Betterment is a perpetual labor. Dr Gawande gave some illustrations in the book regarding each of these three principles. For Diligence, he gave stories of the “efforts to ensure doctors and nurses simple wash their hands; one about the care of the wounded soldiers in Iraq and Afghanistan; and one about the Herculean effort to eradicate polio from the globe.” For Doing Right, he gave examples to address some uncomfortable questions about “how much should doctors get paid; what we owe patients when we make mistakes; and participation in executions of prisoners. For Ingenuity, he gave examples of people who have transformed everyday medicine by improving “the way babies are delivered; the way an incurable disease like cystic fibrosis is fought; and exam how much more of us can do the same.”
Those people who can successfully attempt and accomplish these three principles, Dr Gawande calls them the “Positive Deviant.” Here he gave 5 suggestions on how to become one:
- Ask an unscripted question – our job is to talk to strangers, why not learn something about them?
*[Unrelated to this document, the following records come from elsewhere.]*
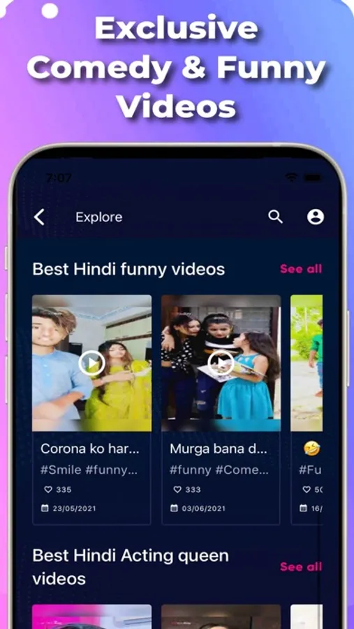 * Short videos in a variety of categories in both Telugu and Hindi
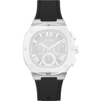 Dieses Guess Uhrarmband ist aus silikon gefertigt und wird mit stahlstifte an der Uhr befestigt. Das Band hat eine Breite von 25 mm und wird mit einer dornschließe geschlossen. Das Uhrenarmband hat keine gerade Halterung, was bedeutet, dass dieses Band nur für die unten aufgeführten Uhren geeignet ist.
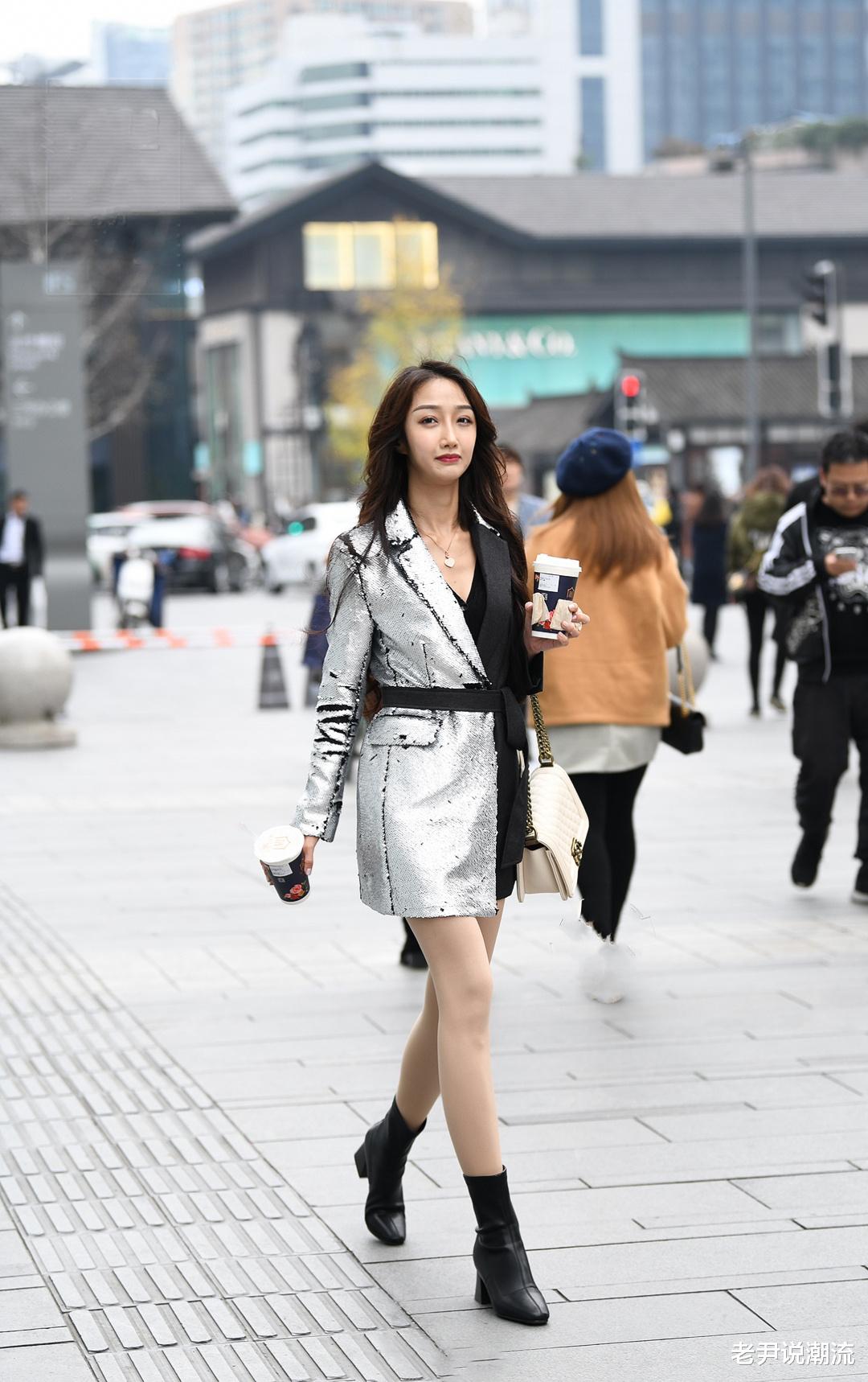 对撞的艺术搭配是很讲究设计者能力的,看美女身着银色亮片对半分的对比色西装外套,兼具干练与精致感,内搭黑色深 V 连衣裙,腰间系黑色腰带凸显腰线;脚穿黑色粗跟短靴,搭配裸色丝袜;米白色链条包中和了色彩,颈间佩戴心形玉质的项链,造型时尚亮眼。

- Don’t complaint – “nothing in medicine is more dispiriting than hearing doctors complain. Medicine is a trying profession, but less because of the difficulties of disease than because of the difficulty of having to work with other human beigns under circumstances only partly in one’s control. Ours is a team sport, but with 2 key differences from the kinds with lighted scoreboards: the stakes are people’s lives and we have no coaches. Doctors are expected to coach themselves. We have no one but ourselves to lift us through the struggles. But, we are not good at it. Wherever doctors gather, the natural pull of conversational gravity is toward the litany of woes all around us. But, resist it. It’s boring, it doesn’t solve anything and it will get you down.”
- Count Something – do a study of your success and failures, count how often mistakes happen of certain sort that interests you.
- Write Something – put in words your experiences to add some small observation about your world. Don’t underestimate the effect of your contribution, however modest it may be.
- Change – people respond to new ideas in one of three ways, “A few become early adopters, most become late adopters, and some remain persistent skeptics who never stop resisting. Make yourselves early adopters and look for opportunity to change. Be willing to recognize the inadequacies in what you do and to seek out solutions. The choices a doctor makes are necessarily imperfect but they alter people’s lives. Because of that reality, it often seems safest to do what everyone else is doing. But a doctor must not let that happen.”
Once you become a physician, the question is not whether you have to accept the responsibility. By doing your job well, you have accepted responsibility. Then the question becomes, “having already accepted responsibility, how does one do such work well.”